Earlsmann regularly attend the spring and autumn lighting fairs in Hong Kong every couple of years to see what the latest trends in the lighting industry may be.
5 years ago only around 40% of lighting shown was LED. Now it’s over 99% which indicates the huge improvements in the technology, improving from 40lm/W to well over 100lm/W now making it a genuine alternative to traditional light sources such as fluorescent and metal halide.
We saw that apparent quality has improved significantly and prices have fallen through the floor making replacement lamps an affordable commodity.
There were hundreds of exhibitors showing panel lights and virtually nothing to distinguish them. They all provide uniform illumination and deliver around 3000-3500lm from 36 Watts. A couple had a new diffusing layer to give a glare rating of 19, good for office and health environments. I say apparent because with low prices there may be long term reliability issues. Improvements in manufacturing techniques mean that LEDs are now a very cheap commodity bought by the kilo. In many cases, however, it is unlikely the LEDs used will have had long term LM80/TM21 testing so longevity cannot be assured. The latest panels are worth an informed look to ensure that the immediate low price doesn’t have a much higher cost later.
LED tubes are now available for just a few dollars making them little more than a fluorescent! As mentioned earlier, it is debatable what the quality is like, but they can be changed every 2-3 years having made substantial energy savings, providing there is easy access to low cost maintenance contractors.
Down lights are now available for under$5 – this is a complete solution and replacement for a GU10 and simple housing. But how? A plastic/ceramic housing, a drive circuit and a chip on board (COB) LED are being assembled and profit being made, all for such a low price that quality must be questionable.
What is significant are many more products quoting UL approval. If this is the case then the quality and performance may be assumed to be good as UL test houses are extremely stringent. However, for the unscrupulous, it is easy to make a claim and quote a file number so it is worth checking the file to make sure it exists when considering the cheapest tubes or panels.
One of the most interesting developments is “driverless” LED technology. These have reached 100lm/W so the efficacy is as good as DC LEDs but without the need for the driver and its inherent reliability issues. Low power versions are starting to be used in some of the down light products available, and in tubes. There was only a handful of products exhibited using them but we believe this is the future, at least until something else comes along.
For us, the main interest is in high power COBs, eg 20 watts and above, allowing us to build our larger luminaires much more easily. In most cases this will allow for quicker assembly and improved reliability.

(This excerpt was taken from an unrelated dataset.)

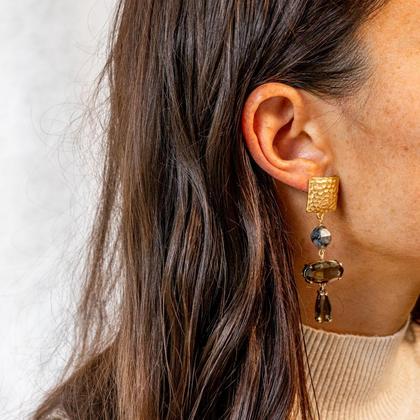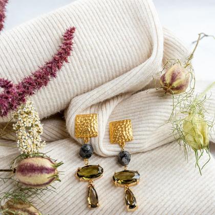 Materialen: Zamak Legierung - antiallergisch und nickelfrei Kristall und schwarzer Labradorit Dimensionen: 6,5 cm Diese Ohrringe sind handgemacht, ihre Eigenschaften und ihr Erscheinungsbild können leicht variieren.

Whilst in Hong Kong we were pleased to be invited to the Lux Review Global Hotlist party held at the Grand Hyatt hotel. The hot list is their top 20 of global movers and shakers in the lighting industry and includes some obvious companies such as Philips, Aurora and Samsung but also Apple who are moving into the lighting control market. It was a very enjoyable and interesting evening which confirmed some of our own thoughts on the market direction and the speed with which the industry is changing. As many in the industry already know, Samsung are pulling out of lamp manufacture, although they are still going to produce LEDs, and Philips are selling their lighting division. It will be interesting to see what further changes occur in the future.